> **Working data**
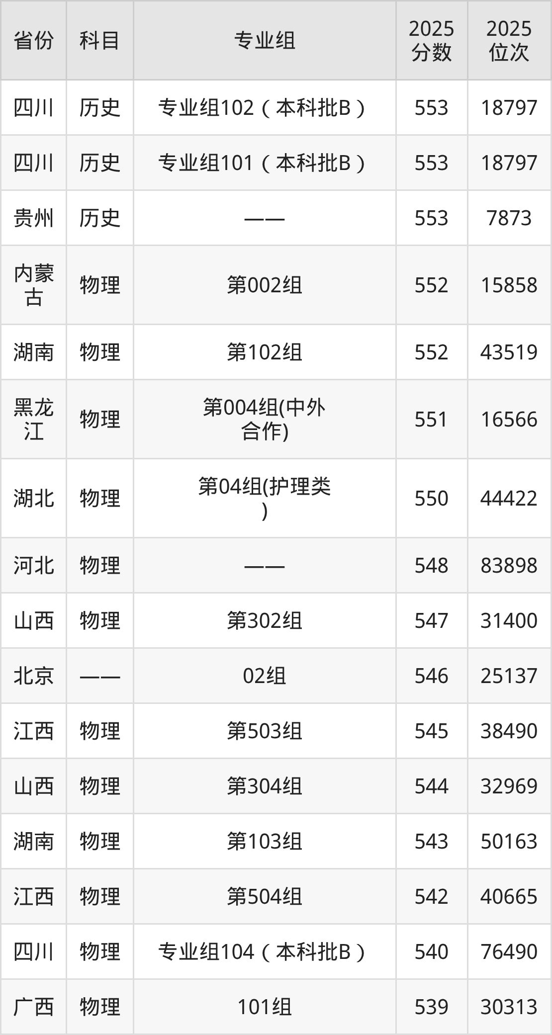 下面是2025年重庆医科大学在全国各省录取最低分数据及位次,各位考生也可作为一个参考。
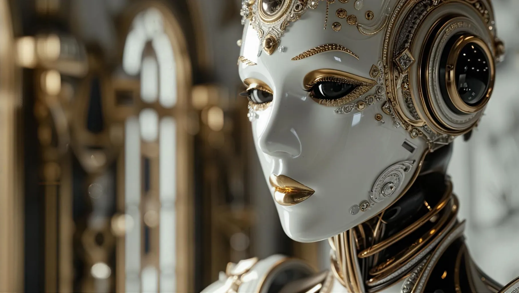 Explore a sci-fi dystopian world with a rococo-inspired mannequin adorned in elegant ornaments and obsidian eye. Featuring intricate robotic motifs, light white and gold hues, 8K resolution close-up, rendered in Unreal Engine for professional-grade AI visuals. Perfect for AI-generated art blending dystopian futurism with baroque elegance.
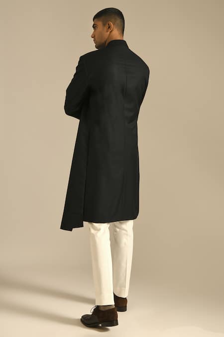 Black sherwani with patch pocket, overlap detail & asymmetric panels. Paired with pant.
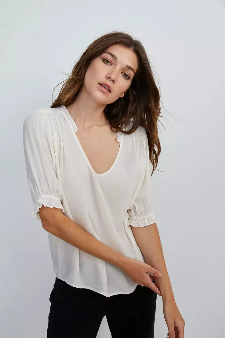 Velvet By Graham & Spencer Womens TRIXIE RUFFLED BLOUSE
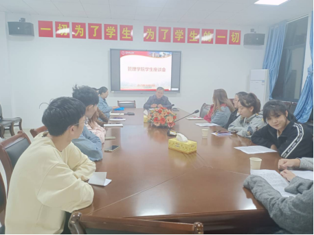 管理学院于10月12日晚19点管理楼622会议室召开预降级学生座谈会,学院党委书记王正安,辅导员刘洁莹,辅导员黄彪及预降级学生参加会议,会议由刘洁莹主持。
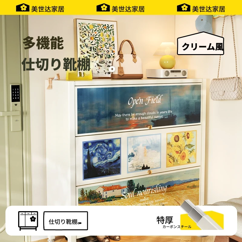 美世达2025年新作!超薄極狭デザインの翻斗シューズキャビネット—家の入り口にぴったり!スチール製で頑丈、収納力抜群。スタイリッシュな玄関を演出し、あなたの靴をすっきり整理整頓!
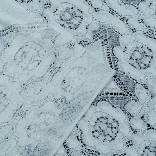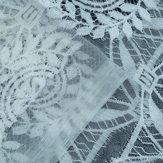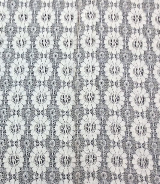 White Floral Design Dyeable Cotton Nylon Net Fabric
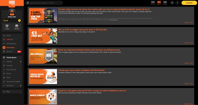 After signing up with 888sport, or even before, you can check out the 'Promotions' tab on the left-hand side of the site menu. Common offers include daily free bet options, bet refunds, odds inflations, and bet builder options. When taking advantage of these offers your winnings will often be better than any competitor out there.
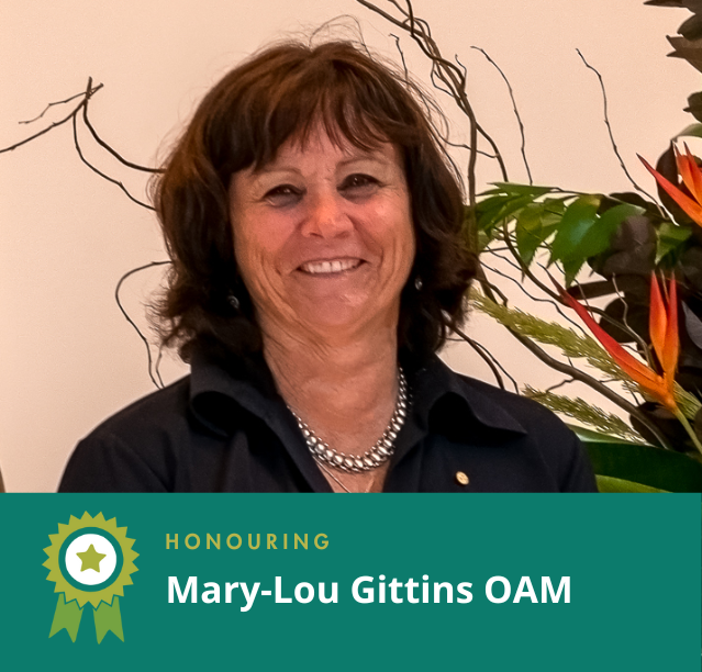 Mary-Lou has been acknowledged many times for her contributions including in 2003, the Individual Landcarer Award in Queensland and in 2019, Mary-Lou was awarded the Medal of the Order of Australia for service to conservation and the environment.
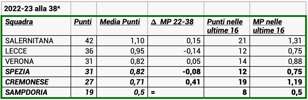 Al termine della stagione la classifica ha dato gli esiti indicati nella tabella sottostante, su tutti l’exploit della Salernitana capace di fare 21 punti nelle ultime 16 giornate, con una media parziale di 1,31 punti a partita. Inutile lo sprint della Cremonese con 19 punti, con una media di 1,19 punti per match, triplicata rispetto a quella delle prime 22 giornate (era 0,37). Interessante un altro dato: la media di 0,82 punti a partita di Verona e Spezia (entrambe a 31), ovvero le due squadre che si sono giocate la permanenza in Serie A con lo spareggio. Curiosamente la stessa media fatta segnare fin qui dal Cagliari di Ranieri.
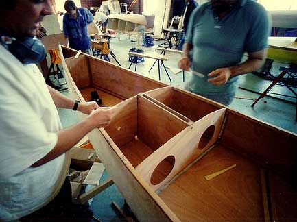 The building process started off with a bang. I spent a long night making up the side and bottom panels and bulkheads. Two days later, David Wilson and I assembled the hull shell in around half an hour! Advantages of the simplified hullshape. David was as startled as I at how fast it had all happened, but dampened my enthusiasm a bit when he christened it "The Hatbox".
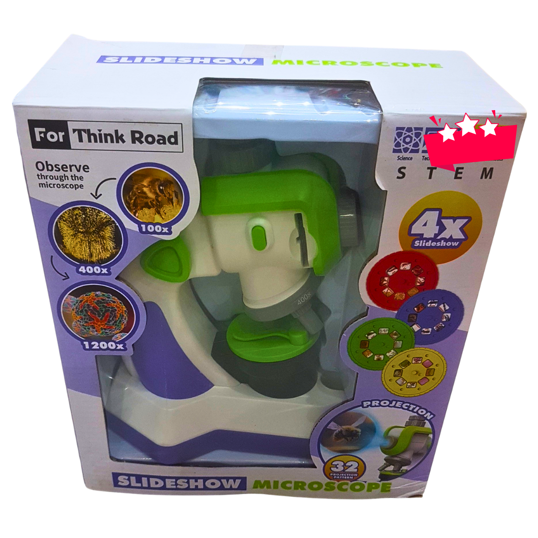 Introduce your child to the wonders of science with the Slideshow Microscope for Kids, a STEM educational toy designed to spark curiosity and learning. With 3 magnification levels (100x, 400x, 1200x) and 32 fascinating slide projections, this microscope helps young minds explore the microscopic world in vivid detail. The set includes 4 color-coded slide discs with engaging samples, an easy-to-use eyepiece, slideshow knob, and projection lens that displays images on a wall or surface. It's perfect for children aged 6 and up to develop observation skills, scientific thinking, and hands-on learning.
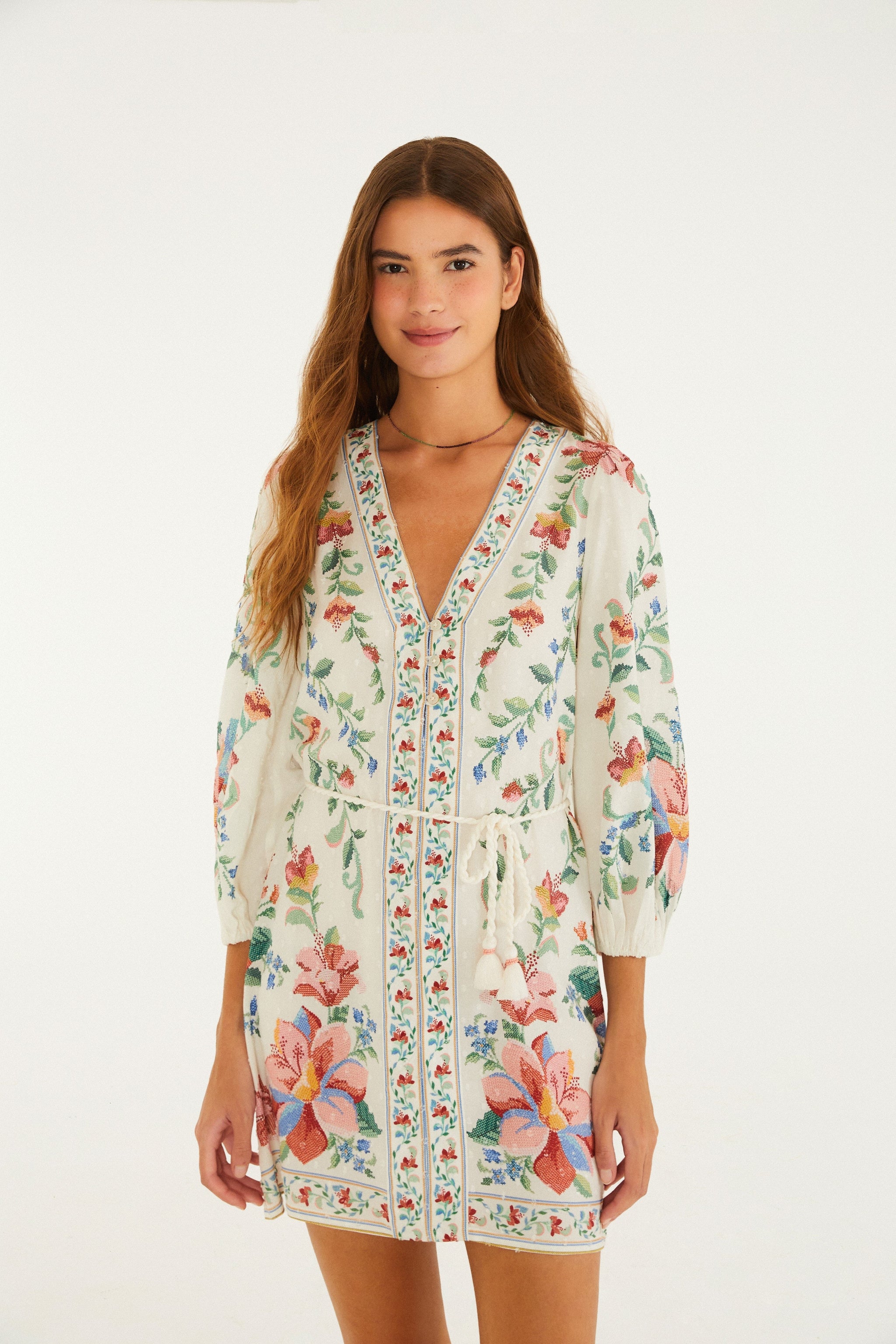 Vestido corto con estampado de brisa serena. Con escote en V y un delicado acabado, presenta mangas abullonadas que le dan un toque especial. La cintura ajustable con cinturón realza el diseño fluido, ideal para un día informal o una cita al atardecer. FARM RIO Original - Verano 26.

> **To do**
Write the entries above out in full, exactly, with no images.

> **Solved problem**
 下面是2025年重庆医科大学在全国各省录取最低分数据及位次,各位考生也可作为一个参考。
 Explore a sci-fi dystopian world with a rococo-inspired mannequin adorned in elegant ornaments and obsidian eye. Featuring intricate robotic motifs, light white and gold hues, 8K resolution close-up, rendered in Unreal Engine for professional-grade AI visuals. Perfect for AI-generated art blending dystopian futurism with baroque elegance.
 Black sherwani with patch pocket, overlap detail & asymmetric panels. Paired with pant.
 Velvet By Graham & Spencer Womens TRIXIE RUFFLED BLOUSE
 管理学院于10月12日晚19点管理楼622会议室召开预降级学生座谈会,学院党委书记王正安,辅导员刘洁莹,辅导员黄彪及预降级学生参加会议,会议由刘洁莹主持。
 美世达2025年新作!超薄極狭デザインの翻斗シューズキャビネット—家の入り口にぴったり!スチール製で頑丈、収納力抜群。スタイリッシュな玄関を演出し、あなたの靴をすっきり整理整頓!
 White Floral Design Dyeable Cotton Nylon Net Fabric
 After signing up with 888sport, or even before, you can check out the 'Promotions' tab on the left-hand side of the site menu. Common offers include daily free bet options, bet refunds, odds inflations, and bet builder options. When taking advantage of these offers your winnings will often be better than any competitor out there.
 Mary-Lou has been acknowledged many times for her contributions including in 2003, the Individual Landcarer Award in Queensland and in 2019, Mary-Lou was awarded the Medal of the Order of Australia for service to conservation and the environment.
 Al termine della stagione la classifica ha dato gli esiti indicati nella tabella sottostante, su tutti l’exploit della Salernitana capace di fare 21 punti nelle ultime 16 giornate, con una media parziale di 1,31 punti a partita. Inutile lo sprint della Cremonese con 19 punti, con una media di 1,19 punti per match, triplicata rispetto a quella delle prime 22 giornate (era 0,37). Interessante un altro dato: la media di 0,82 punti a partita di Verona e Spezia (entrambe a 31), ovvero le due squadre che si sono giocate la permanenza in Serie A con lo spareggio. Curiosamente la stessa media fatta segnare fin qui dal Cagliari di Ranieri.
 The building process started off with a bang. I spent a long night making up the side and bottom panels and bulkheads. Two days later, David Wilson and I assembled the hull shell in around half an hour! Advantages of the simplified hullshape. David was as startled as I at how fast it had all happened, but dampened my enthusiasm a bit when he christened it "The Hatbox".
 Introduce your child to the wonders of science with the Slideshow Microscope for Kids, a STEM educational toy designed to spark curiosity and learning. With 3 magnification levels (100x, 400x, 1200x) and 32 fascinating slide projections, this microscope helps young minds explore the microscopic world in vivid detail. The set includes 4 color-coded slide discs with engaging samples, an easy-to-use eyepiece, slideshow knob, and projection lens that displays images on a wall or surface. It's perfect for children aged 6 and up to develop observation skills, scientific thinking, and hands-on learning.
 Vestido corto con estampado de brisa serena. Con escote en V y un delicado acabado, presenta mangas abullonadas que le dan un toque especial. La cintura ajustable con cinturón realza el diseño fluido, ideal para un día informal o una cita al atardecer. FARM RIO Original - Verano 26.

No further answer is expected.